The model was only 8.5% successful in predicting a zodiac sign.

A confusion matrix is a tool that allows us to visualise the performance of a classification machine learning model. The matrix compares the actual target values with those predicted by the model.

conf_mat = confusion_matrix(y_test, logres_model.predict(X_test))
fig, ax = plt.subplots(figsize=(15,10))
sns.heatmap(conf_mat/np.sum(conf_mat), annot=True, fmt = '.1%', cmap = 'Spectral', xticklabels=labels_chart, yticklabels=labels_chart)
plt.xlabel('Predicted Features')
plt.ylabel('True Features')
plt.show()

The above confusion matrix is showing that the model is unsuccessful in predicting any zodiac signs, with incorrect classifications across the board.

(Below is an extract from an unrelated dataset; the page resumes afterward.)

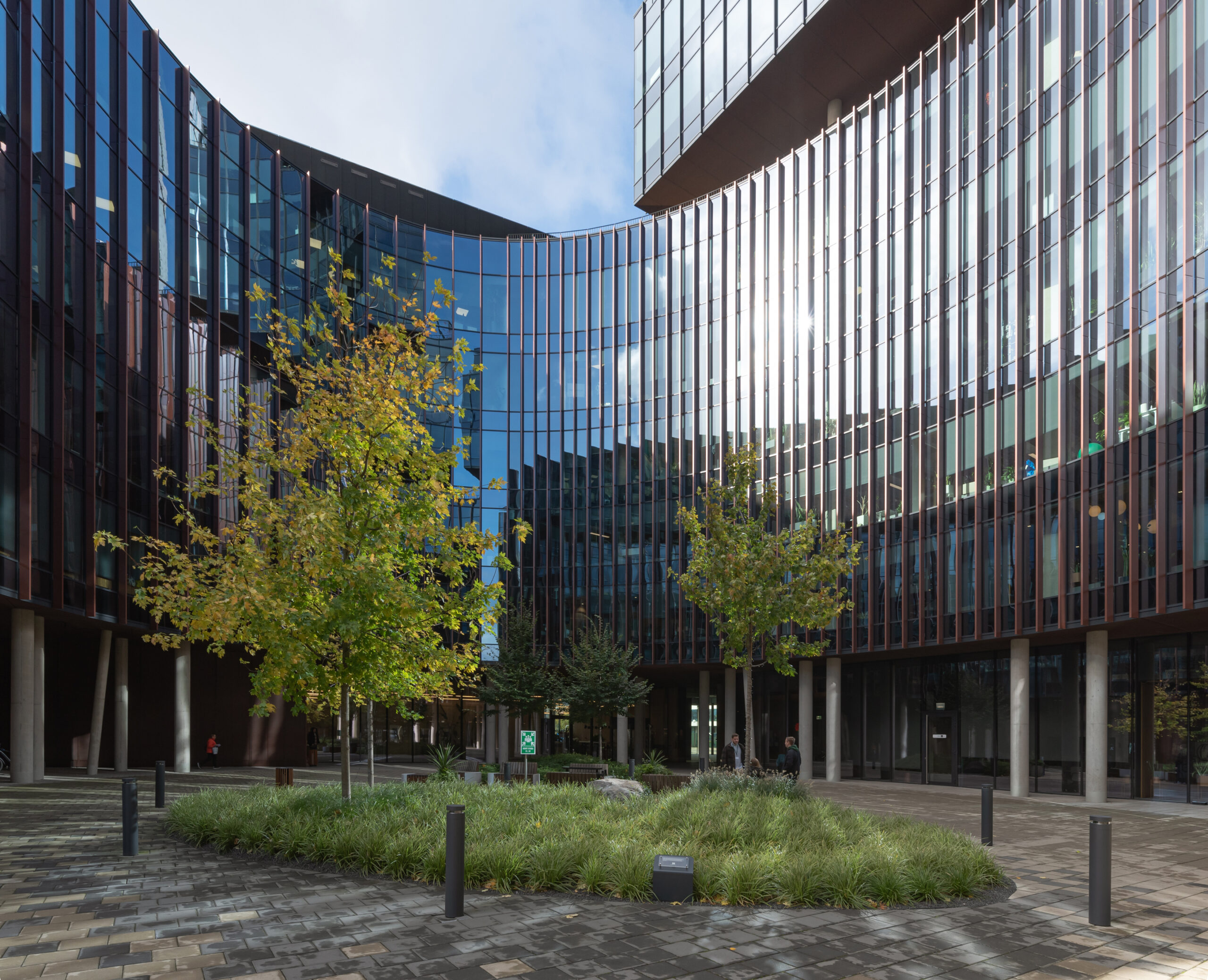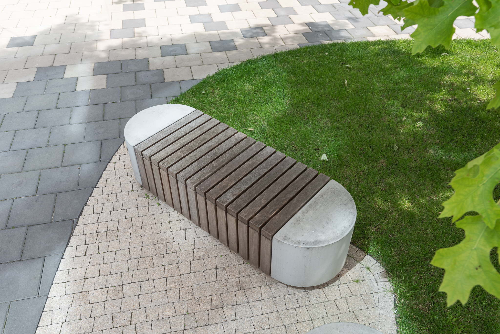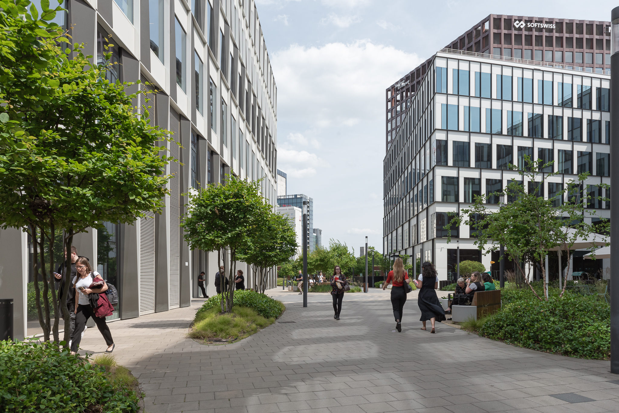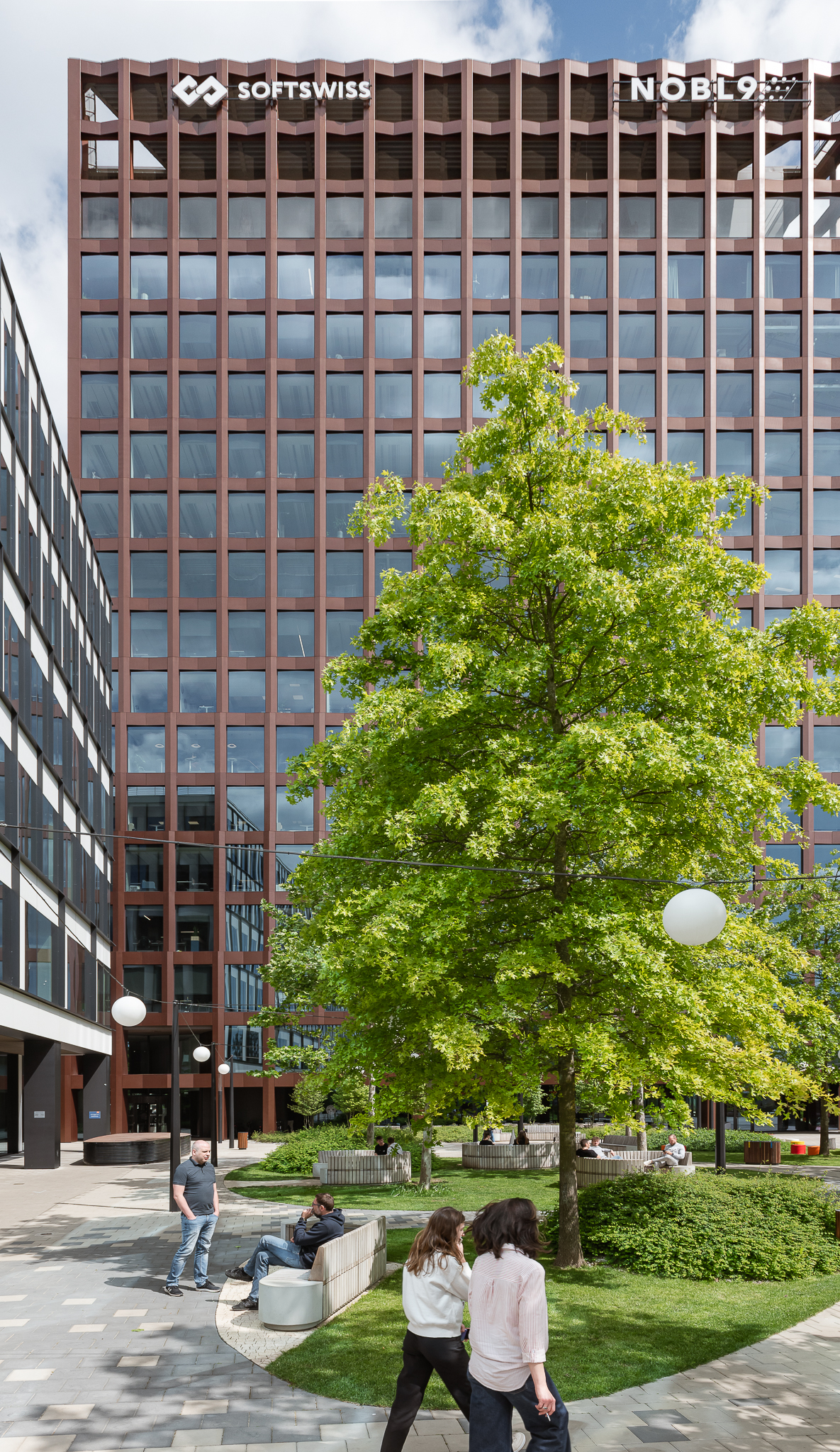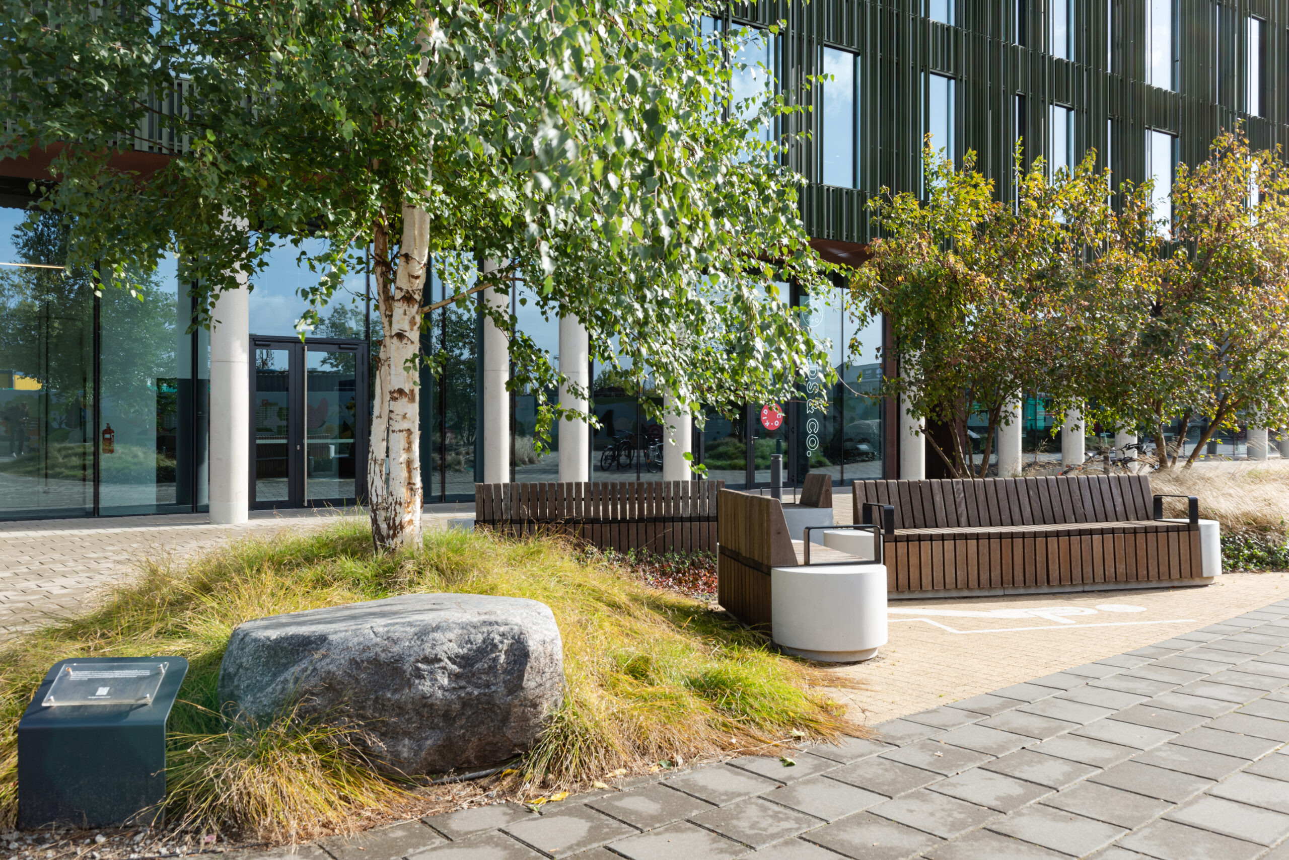 Zaproponowana przez nas forma zieleni w postaci obłych wysp kontrastuje z ostrymi kształtami kwartałów pracowni Jems Architekci. Z drugiej strony miękkie kształty można łatwo modyfikować, a pracująć nad koncepcją nie wiedzieliśmy jak bedą wyglądały kolejne etapy inerstycji. Zielone wyspy mają formę „górek” porośniętych zielenią niską (krzewy, byliny i rośliny cebulowe) oraz drzewami.

Logistic regression is generally used for continuous variable predictions not classification, therefore the lack of success above is unsurprising.

K-Nearest Neighbour (KNN)

KNN is a classification algorithm with central idea that data points with similar attributes tend to fall into similar categories. The KNN algorithm utilises this 'feature similarity' to predict the values of unknown/new data points. Therefore, a new point (or point from the test set) is assigned a value based on how closely it resembles the points in the training set.

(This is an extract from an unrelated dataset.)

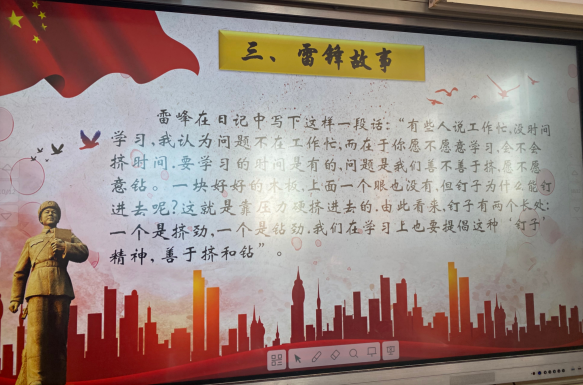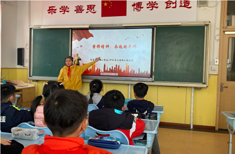同学们通过课件展示、事迹宣讲,共同了解雷锋的生平事迹,初步明确雷锋精神的内涵。
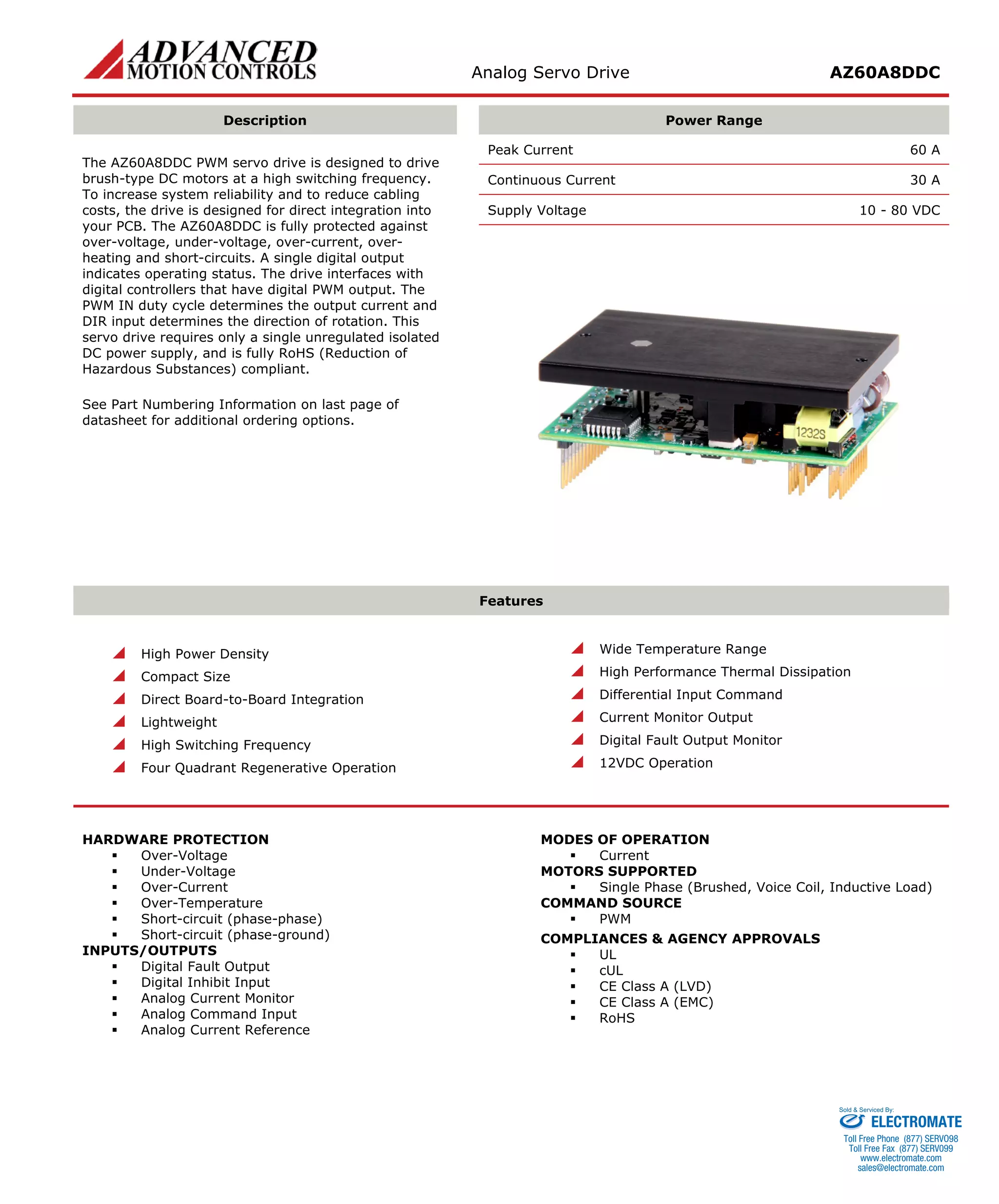 The AZ60A8DDC is a PWM servo drive designed to drive brush-type DC motors at high switching frequencies. It has a peak current of 60A, continuous current of 30A, and operates from 10-80VDC. The drive provides motor control and protection from overvoltage, undervoltage, overcurrent and more.

from sklearn.neighbors import KNeighborsClassifier

The default number of neighbors within the algorithm is 5. As there are 12 zodiac signs, the model will initially be set to 12 nearest neighbors.

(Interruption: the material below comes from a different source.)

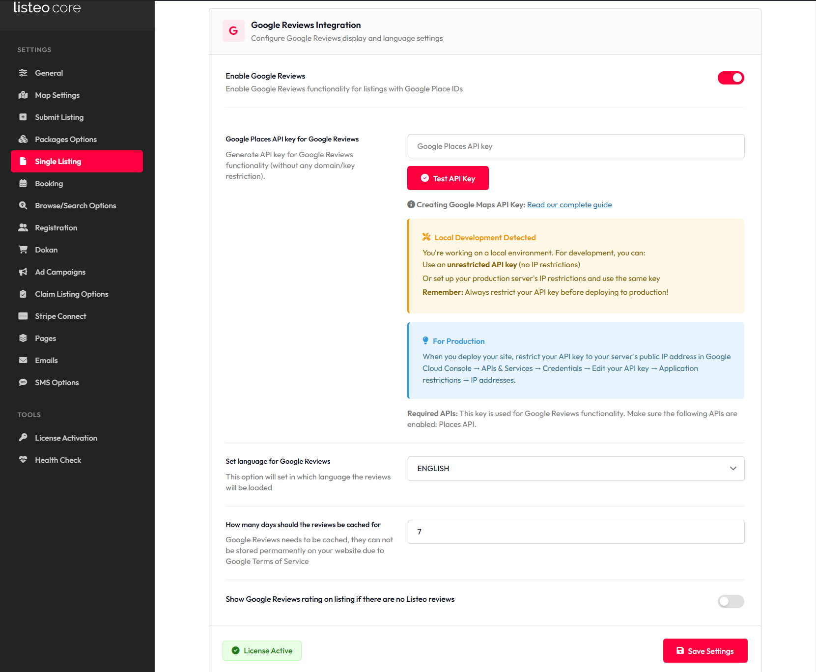 - First make sure you Google API key is properly created (not restricted to domain). In Listeo Core → Single Listing → Google Reviews Integration click “Test your API key“.

knn_model = KNeighborsClassifier(n_neighbors=12)
knn_model.fit(X_train, y_train)
predict_knn = knn_model.predict(X_test)
success_rate = knn_model.score(X_test, y_test)
print(round(success_rate * 100,2))
8.7

Like with the logistic regression model, the success at predicting a zodiac sign is between only 8 and 9 %. This is, again, highly inaccurate, so the measures of algorithm effectiveness are investigated below.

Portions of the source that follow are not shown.